Letting a DataSet read its CRS from data files
Most datasets have a Coordinate Reference System (CRS) that gives the meaning of the coordinates of all its features. However, occasionally a dataset contains features of several different Coordinate Reference Systems. Such a dataset still has a CRS property, but that CRS can be regarded as a spokesperson for the collective, and is used for certain dataset methods, for example when the dataset extent is asked for.
For some kinds of datasets, you must specify a Crs property explicitly, so you must find out from your data provider what their coordinates mean.
For other datasets, the Crs is fixed, or can always be retrieved from data files. For example, a DtedDataSet is always in Wgs84LongLat, so there is no problem. If a type of dataset does not have its crs property exposed in Carmenta Studio, its Crs should always be created automatically.
However, some file formats may or may not contain CRS information, and even if they do, it is not certain that Carmenta Engine can extract it. A difficulty is that different data providers may use different methods to encode the metadata. However, two methods are widely used:
If a coordinate reference system exists in the EPSG database, then it has a unique EPSG code in the range 1024 – 32767, which should suffice to identify the system. (Note that every type of subcomponent of a coordinate reference system has its own EPSG code, which can be confusing since the codes are unique only within their own type. Code 6135 is an example: the CRS with that EPSG code is CIGD11 which is used on the Cayman Islands, but the Geodetic Datum with that EPSG code is the Old Hawaiian datum.)

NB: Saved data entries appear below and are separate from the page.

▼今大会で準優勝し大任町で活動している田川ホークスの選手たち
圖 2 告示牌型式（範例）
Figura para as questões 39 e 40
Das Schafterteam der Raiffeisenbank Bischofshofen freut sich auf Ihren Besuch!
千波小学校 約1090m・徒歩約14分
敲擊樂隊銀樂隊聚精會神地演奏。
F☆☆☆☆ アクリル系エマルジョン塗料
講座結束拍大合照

The Well-Known Text format, WKT, can describe both geometries and coordinate reference systems. Unfortunately, the WKT syntax for coordinate reference systems has several different vendor-specific dialects; see WellKnownTextFlavor, so there can be problems with interoperability, but the latest WKT versions, informally known as WKT2, should improve matters.

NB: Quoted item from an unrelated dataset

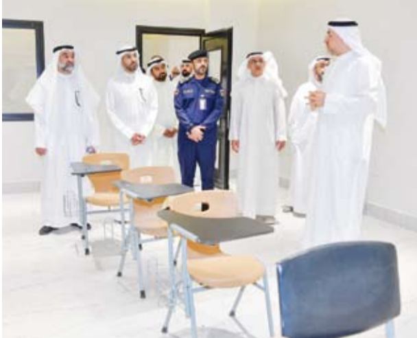
الجولة التقنيّة للصفوف الدراسية للنزلاء

So, many datasets in Carmenta Engine can attempt to create their Crs automatically from data files, namely:
The EcwDataSet.
The GdalDataSet.
The ImageDataSet.
The Jpeg2000DataSet.
The MapPackageDataSet.
The MifDataSet.
The MrSidDataSet.
The OgrDataSet.
The RaveGeoDataSet.
The ShapefileDataSet.
These datasets have null as the default value for the Crs property. If you specify this property explicitly, the datasets will use the value you provide. But if you leave the property undefined, these datasets will try to automatically set the Crs property from available metadata.
Automatic reading of CRS from file can fail
Automatic reading of a Coordinate Reference System from file can sometimes throw an exception, or if you are unlucky you may get no exception but see the geodata appear more or less incorrectly georeferenced. This section lists some of the reasons for failure.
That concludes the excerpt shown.